# Who is the biggest baddest traitor primarch?



## BlackApostleVilhelm (May 14, 2008)

ok in your opinion who is the baddest traitor primarch? for example who could really cause the most damage to the imperium if he were to muster his legion? also in looks and how they fight and whatnot.

i would have to say angron with perturabo in a close second. while angron and the warriors that follow him are just unbelievably good at killing everything around perturabo isnt tied down by warptstorms and has the resources to lay seige to whole sectors of the imperium. so i take that back its a tie between the two.


----------



## Fluff'Ead (Aug 22, 2007)

Angron for sure - unlike the other Primarchs he still personally goes to battle.


----------



## xpunksbeendeadx (Jul 2, 2008)

Fulgrim and the Emperors Children would be able to cause untold amounts of collateral damage on the Imperium. Just at the siege of terra they killed a million ordinary people to make drugs. This just shows the amount of damage they can cause just to citizens alone.


----------



## DaemonsR'us (Jan 25, 2007)

Angron could reap havoc if he could throw his legion together, throwing the legion together probably will never happen though, and all the other primarchs are just basically sitting on their arses, the death gaurd are still the most organized though and if mortarion decides to launch a assualt out of the eye of terror i believe hes probably got the best chances, and as much as i love word bearers are their apostles, logar seems content sitting in the eye like most of the other dp primarchs and the word bearers that do venture out are more concerned with making a mockery of the imperial creed rather than conquest so eh my vote goes to the death guard


----------



## AJAX1001 (Jun 29, 2008)

I agree that fulgrim is the Baddest because he is the only primarch that is actually Fully Deamon.:biggrin:


----------



## Cole Deschain (Jun 14, 2008)

Magnus.

Scared the Emperor BEFORE he turned Traitor.


----------



## Dirge Eterna (Apr 30, 2007)

Lorgar, because he converts worlds, instead of killing everyone.

-Dirge


----------



## rgw (Jan 29, 2008)

Cole Deschain said:


> Magnus.
> 
> Scared the Emperor BEFORE he turned Traitor.
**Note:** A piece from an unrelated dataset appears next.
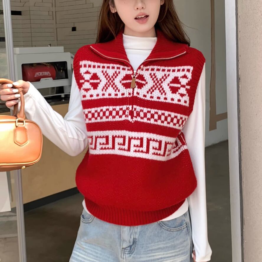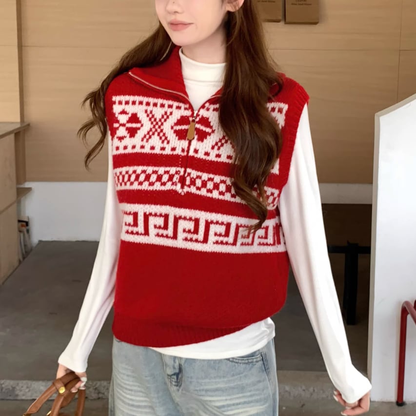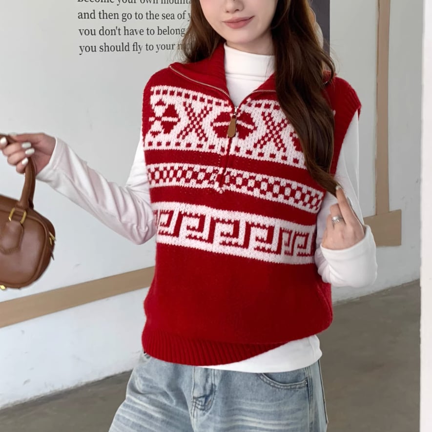 2色/ノルディック柄ポロカラーニットカーデ ・72764
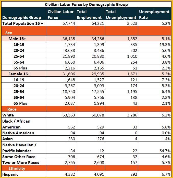 Following labor force fluctuations throughout 2023, labor force participation totaled 65,365 individuals, an increase of 860 individuals from 2022. Employment is up to 62,459 workers in 2023, an increase of 852 workers. Additionally, Unemployment increased to 2,905 workers, up by 8 workers from 2022. On the other hand, the unemployment rate declined by 0.05 percent for a 2023 unemployment rate of 4.4 percent.

Quoted for comedic effect. Made me lol.

I'd say the Death Guard and Mortarion. Reason being, at the Siege of Terra, all the Heretic Legions fled to the Eye of Terror, yeah I know there's exceptions, but the key is, as soon as Horus hit the floor, they turned tail.

Except the Death Guard. They were the only Legion strong enough to not need blessing of Chaos to get them to turn heretic. Hell, they were just following orders from the Warmaster. Yeah, they ended up getting Chaos' blessing, swearing allegiance to Nurgle since he's the only god able to make something that they aren't tougher than. The Death Guard made a smart withdrawl, being cool and collected.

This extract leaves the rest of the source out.